Summary of Financial Linkages Between Thailand and Cambodia in Three Key Dimensions
In light of the ongoing monitoring and assessment by various government and private agencies regarding the situation between Thailand and Cambodia, Kasikorn Research Center has compiled and evaluated preliminary insights on the financial linkages between Thailand and Cambodia across three dimensions as follows:
- Dimension of Money Transfers and Payments: Money transfers through electronic or digital transfer systems between Thailand and Cambodia continue to operate smoothly. Meanwhile, the risk mitigation from exchange rates for trade transactions between Thailand and Cambodia can be managed through standard instruments, as nearly 100% of international trade transactions between Thailand and Cambodia are conducted in US dollars and Thai baht (not in the Cambodian riel).

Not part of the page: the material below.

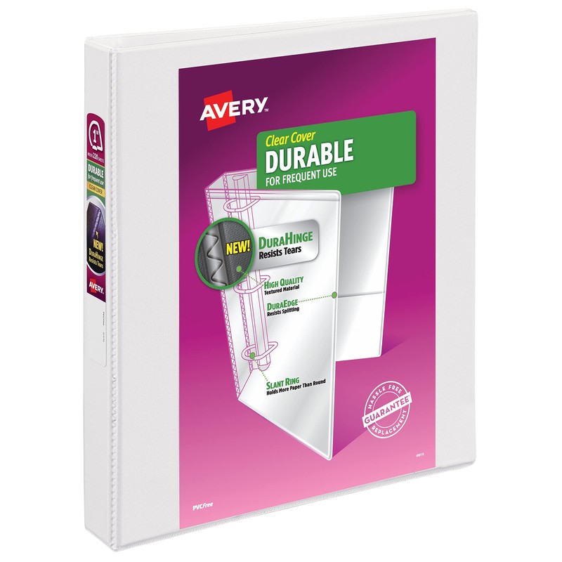 Designed with toughness and durability in mind, the Avery Durable View 1 inch binder stands strong where many basic binders fall apart. Its sturdy exterior features a tear-resistant spine (DuraHinge) and more flexible, split-resistant edges (DuraEdge). Durable binders are also fully adhered with a deep-weave polypropylene cover that is resistant to bubbling, surface wrinkles, and is tear-resistant. Great for frequent use. 1 inch 3 ring Durable View binder is great for use as a set to organize home paperwork, important documents, tax papers, classroom projects or to organize information for multiple meeting attendees Customize your view binder spine, front and back covers with hundreds of free binder templates and designs at avery.com/templates Slant rings and two interior pockets. 3 ring binder holds up to 220 sheets. Plenty of room to hold lots of paper! Two interior pockets also help to keep loose papers secure Durable view binder allows for customization on spine, front and back covers Greener choice - contains 42% postconsumer recycled content. UL Claim Validation - UL environmental claim validations lend third-party credibility to single-attribute environmental claims.
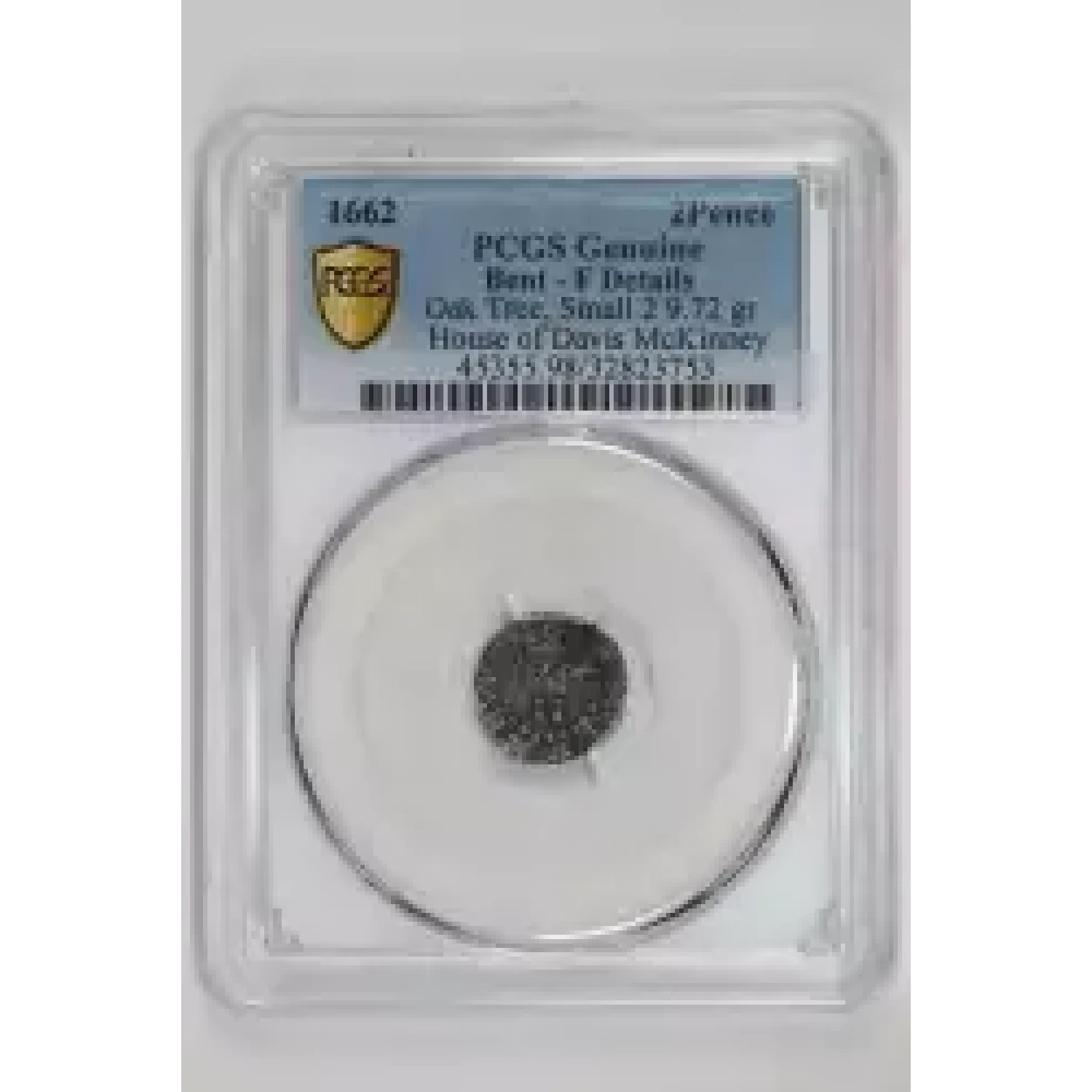524176 | 1662 Colonial Sommer Islands 2 Pence PCGS Genuine - Fine Details (98 - Damage) Oak Tree, Small 2 | PCGS | Genuine - Fine Details (98 - Damage) | Sold: 27/02/2025 | $1,950 |

As of Q1 2025, the proportion of export payment transactions from Thailand (from partners in Cambodia) in US dollars and Thai baht is approximately 68.6% and 31.3% of the value of Thai exports to Cambodia, respectively. Meanwhile, the proportion of import payment transactions from Thailand (with partners in Cambodia) in US dollars and Thai baht is 49.3% and 49.8% of the value of goods imported from Cambodia (Figure 1).

However, mitigating FX risks is only a partial solution as it must be acknowledged that there are still other concerns in the business sector that need to be closely monitored in the future, such as the liquidity of cash transactions, as well as the impacts on trade/economic activities in border areas and the risks that may arise from partners and businesses operating in Cambodia.[1]
- Dimension of Investment in Cambodian Assets: Investors (including retail investors investing through investment agents and mutual funds, excluding private funds) currently have only a small number of retail investors investing in Cambodian financial instruments through agents, while the total outstanding investment is in equity instruments, which has gradually decreased over the past few years. As of April 2025, the outstanding amount was $0.42 million, accounting for only 0.003% of the total investment in foreign assets by retail investors (Figure 1).
It is noteworthy that mutual funds in Thailand do not invest in Cambodian financial instruments; thus, based on preliminary data, the direct link of retail investments and mutual funds to Cambodian financial assets is likely quite limited compared to investments in other more popular markets such as the US, Luxembourg, China, Japan, and Singapore, respectively.
- Dimension of the Banking Sector: Currently, Thai commercial banks provide financial services in Cambodia through branches or affiliated finance companies in which they hold shares, such as cross-border digital payment and money transfer services, QR code payment services, deposit services, and loans to support businesses and retail clients.
However, when looking at the exposure of five commercial banks in Cambodia, it is found that the proportion is still relatively small compared to their operations in Thailand. The asset size, loans, and deposits in Cambodia account for approximately 0.41%, 0.42%, and 0.26% respectively compared to the total outstanding amounts in the Thai commercial banking system (Figure 2).

Initially, Kasikorn Research Center views that the development of the relationship between Thailand and Cambodia remains a matter that needs continuous monitoring, with most concerns revolving around trade-related transactions and economic activities in border areas. However, the impact on the Thai banking sector will be manageable.
Given that the exposure in various aspects in Cambodia of Thai commercial banks is still not high, this reflects two important points: 1. In providing financial services abroad, commercial banks will adopt a cautious operational strategy, considering the availability of financial resources and defining the scope of financial services only in areas where they have expertise and align with trade, investment, and economic fundamentals. 2. Commercial banks closely monitor and assess situations, as well as manage risks in foreign business continuously. Therefore, it ensures that Thai commercial banks can effectively manage risks that may arise from their operations in Cambodia.
[1] The outstanding amount of direct investment from Thailand was $2,376 million at the end of 2024.